Scores of advocates and politicians rallied at City Hall on Thursday — in one of the largest demonstrations about the Adams Administration's slow start on street safety issues — to demand that City Hall accede to a City Council recommendation to set aside $3.1 billion for a safer, more bike-, bus-, and pedestrian-friendly New York.
More than a dozen council members and advocacy organizations say the mayor must adequately fund the long-awaited Streets Master Plan, which passed in 2019 and goes into effect this year, calling it a much-needed investment as traffic fatalities skyrocketed 44 percent in the first quarter of 2022 — the deadliest start to any year since Vision Zero launched in 2014. Between Jan. 1 and March 31, 59 people were killed in crashes.
“We want $3.1 billion, a little tiny fraction of the [nearly $100-billion] city budget, to make sure our streets belong to us, and to make sure New Yorkers are safe,” said Council Member Alexa Avilés (D-Sunset Park), who was joined by colleagues Selvena Brooks-Powers, Carlina Rivera, Lincoln Restler, Sandy Nurse, Chi Ossé, Crystal Hudson, Shekar Krishnan, and Amanda Farías. “We have seen death after death after death to no avail. We demand our city do better by us, by fully investing in the street plan.”
It is unclear whether the mayor will heed the call.

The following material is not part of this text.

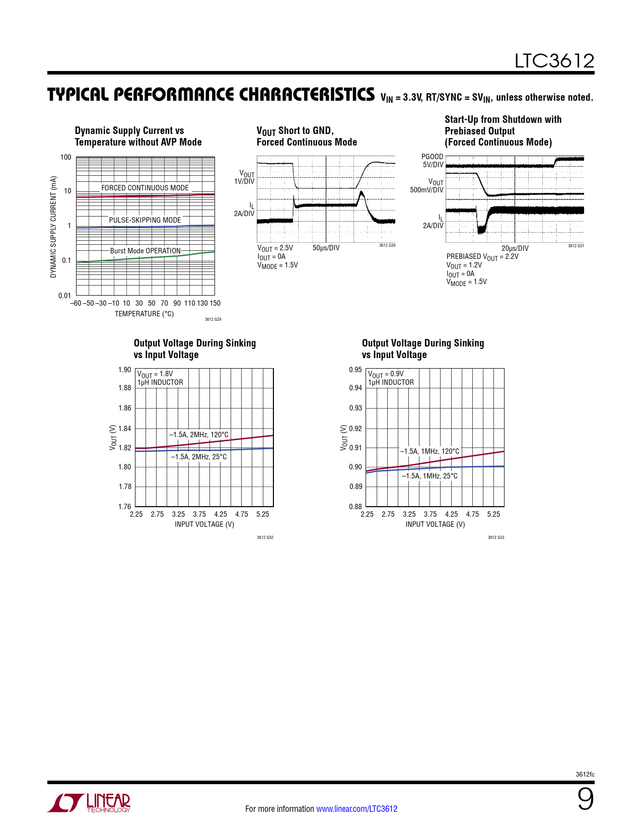 100 PGOOD 5V/DIV VOUT 1V/DIV VOUT 10 FORCED CONTINUOUS MODE 500mV/DIV IL 2A/DIV PULSE-SKIPPING MODE IL Y CURRENT (mA) 1 2A/DIV Burst Mode OPERATION 50µs/DIV 3612 G30 VOUT = 2.5V 20µs/DIV 3612 G31 0.1 IOUT = 0A PREBIASED VOUT = 2.2V VMODE = 1.5V VOUT = 1.2V DYNAMIC SUPPL IOUT = 0A VMODE = 1.5V 0.01–60–50–30–10 10 30 50 70 90 110130150 TEMPERATURE (°C) 3612 G29

The Department of Transportation’s 96-page plan, issued late last year, claimed the agency did not have the money to fully implement the Streets Master Plan, which requires the city to install hundreds of miles of protected bike lanes and bus lanes, cleaner sidewalks, and car-free streets over its five-year scope.
And the mayor’s proposed $98.5-billion Fiscal Year 2023 preliminary budget — which is $2 billion less than the previous year’s budget — did not put significant funds, if any, specifically into carrying out the plan.
The mayor’s office has been unable to provide a basic apples-to-apples comparison of the dollar amount he’s allocated specifically to the scheme, saying only that more than $4 billion is currently allocated to DOT for its five-year capital budget through fiscal year 2026 for street projects (excluding street resurfacing), and that many of those projects “overlap” with the city’s Streets Master Plan.
Despite proudly accepting endorsements from transit advocates such as StreetsPAC, Adams has done little to follow through — or even pick up where the former de Blasio administration left off, however inconsequential that was, said Rivera.
“There was certainly a moment to pick up on the momentum and his campaign was very vocal and proud to receive the endorsement of so many transit and pedestrian-friendly advocates and then constantly being on his bike, talking about how important helping transit is,” the Lower Manhattan Democrat told Streetsblog. “There was certainly momentum there for him to carry this into the budget, but I don't see it as profoundly as I did in the months leading up to the start of his administration, and I don't quite see it in the first 100 days.”
The real nitty-gritty details of how much money will ultimately get allocated toward the scheme are expected to get worked out next week ahead of the mayor's executive budget, according to Rivera and a City Hall spokesperson.
City Hall said that existing capital funding is intertwined with goals of the Streets Master Plan, but admitted that the details still need to be worked out.